Vocabulary curation is in practice the most challenging part of a topic modeling workflow. 词汇策划在实践中是主题建模工作流程中最具挑战性的部分。 Replacing selected multi-word terms with single tokens (for example by swapping spaces for underscores) before tokenizing is a very good idea. 在标记化之前用单个标记替换选定的多字词（例如通过交换下划线的空格）是一个非常好的主意。 Stemming is almost never useful, at least for English. 词干几乎从来没用过，至少对英语来说是这样。 Automated methods can help vocabulary curation, but this step has a profound impact on results (much more than the number of topics) and I am reluctant to encourage people to fully trust any system. 自动化方法可以帮助词汇策划，但这一步骤对结果产生了深远的影响（远远超过主题数量），我不愿意鼓励人们完全信任任何系统。

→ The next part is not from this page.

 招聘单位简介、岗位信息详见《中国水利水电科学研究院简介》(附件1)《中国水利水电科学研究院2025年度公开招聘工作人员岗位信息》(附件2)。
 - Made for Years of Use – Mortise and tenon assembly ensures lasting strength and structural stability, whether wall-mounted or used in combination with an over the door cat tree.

Parameters: I do not believe that there is a right number of topics. 参数：我不相信有正确数量的主题。 I recommend using a number of topics that provides the granularity that suits your application. 我建议使用一些主题，这些主题提供适合您应用程序的粒度。 Likelihood can often detect when you have too few topics, but after a threshold it doesn't provide much useful information. 可能性通常可以检测到您的主题太少，但在阈值之后它不会提供太多有用的信息。 Using hyperparameter optimization makes models much less sensitive to this setting as well, which might reduce the number of parameters that you need to search over. 使用超参数优化会使模型对此设置的敏感性降低，这可能会减少搜索所需的参数数量。

Topic drift: This is not a well understood problem. 主题漂移：这不是一个很好理解的问题。 More examples of real-world corpus change would be useful. 更多真实世界语料库变化的例子会很有用。 Looking for changes in vocabulary (eg proportion of out-of-vocabulary words) is a quick proxy for how well a model will fit. 寻找词汇量的变化（例如，词汇外单词的比例）是模型适合程度的快速代表。